I also know that it is time to get some closure on this season of my life, as I begin again in sunny San Diego, CA!
So, I decided to let go by giving. To confront my new reality, because as I mentioned in my last post, I have definitely been living in denial about starting my new life.
I had a Book / Packing Party, y’all. I gave away my most prized possessions.
Some went to colleges. Some to libraries. Some to shelters. Some to high schools.
My prayer is that, from those places, they go to the people who need them most, now. Maybe they’ll end up serving some little black girl out there who needs to be encouraged to be—and love!—herself. Maybe some will go to some budding business owner who doesn’t have the resources to invest in training. Maybe others will go to people ready and hungry for transformation. Maybe some to someone searching for God.
As for me, the party did exactly what I had hoped: it helped me complete this phase by GIVING. It helped me get complete in order to create. It was an, “Oh my God, I’m really doing this!” And I will tell you, it made everything very real.

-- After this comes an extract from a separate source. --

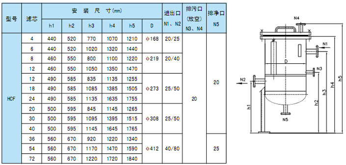 4、HCF-Ⅲ型微孔塑料滤芯精细过滤器 其滤件是由高分子量聚乙烯烧结成型。具有刚性好、重量轻、孔隙率高、可反冲洗再生、无毒、耐蚀。过滤精度0.5μm~100μm。 ●.非金属滤芯精细过滤器结构典型结构及尺寸 注:1.滤芯数指折合标准型滤芯(10”长)数目。 2.本图适用于DN≤500,由于工艺参数各不相同,因此,在订货时,我公司将按实际的工艺参数作适当修正。 注:1.滤芯数指折合标准型滤芯(10”长)数目。 2.本图适用于DN≥500,由于工艺参数各不相同,因此,在订货时,我公司将按实际的工艺参数作适当修正。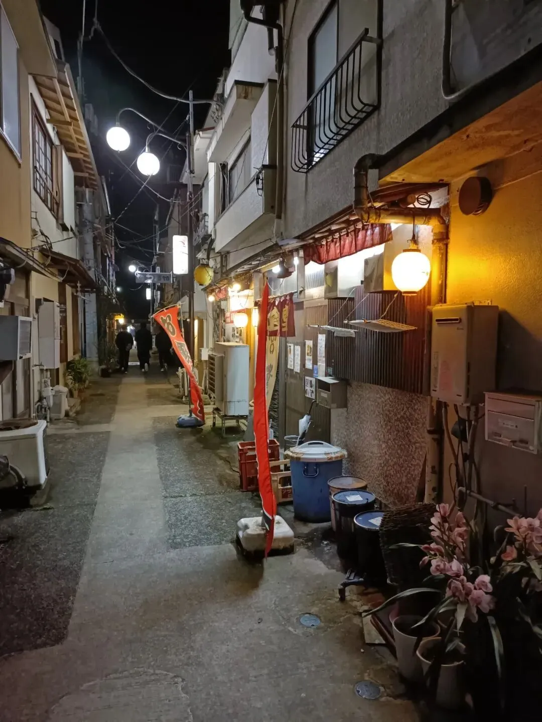 再香艳也要喂饱肚子才有力气,匆匆下楼去觅食,在酒店前台还特意确认这是天然温泉,而不是天朝墙内的热水加硫磺粉。得到肯定答复,冲到不见什么人影的大街上,沿着谷歌地图上显示的刀叉图案和评分寻找餐厅。碰了几次壁以后,才意识到这里不像第一城,各种餐厅酒馆藏在小巷深处里等待食客至深夜。几家小餐馆不是休息就是已经下班反正他们不管我们饥肠辘辘。这也在后面的行程中得以印证,小地方就要早早吃饭,早早上床。向另一个方向继续尝试,越走越灰心,大部分显示的餐馆都是一片黑暗,貌似根本没开门。默默鼓励自己,来酒店路上看到一个7-11,最差还可以买啤酒和便当充饥。终于在拐进最后一个巷口的刀叉前看到明晃晃的烧肉二字和外墙上呼呼排风扇吐出的浓烟,有一种终于找到组织的感觉。

I also think it did the same for everyone who joined me in person AND virtually. Because I asked people to complete a project WITH me, during that party. Some joined us and cleared out their closets, donating clothes. Others went through their shoes. Others re-organized cabinets. You get the idea.
Together, we let go of things we were holding onto that we didn’t need anymore, that could truly benefit someone else … and I believe what we did together will make a difference.
I also believe it was a healing experience.
It was my completion. Not just an end to an era … but a completion. And that distinction is SO important.
Did I cry?
Oh yes. I said goodbye to my lifelong “friends,” and I wept for them. The reality is that I let go of the very things that were hardest to surrender.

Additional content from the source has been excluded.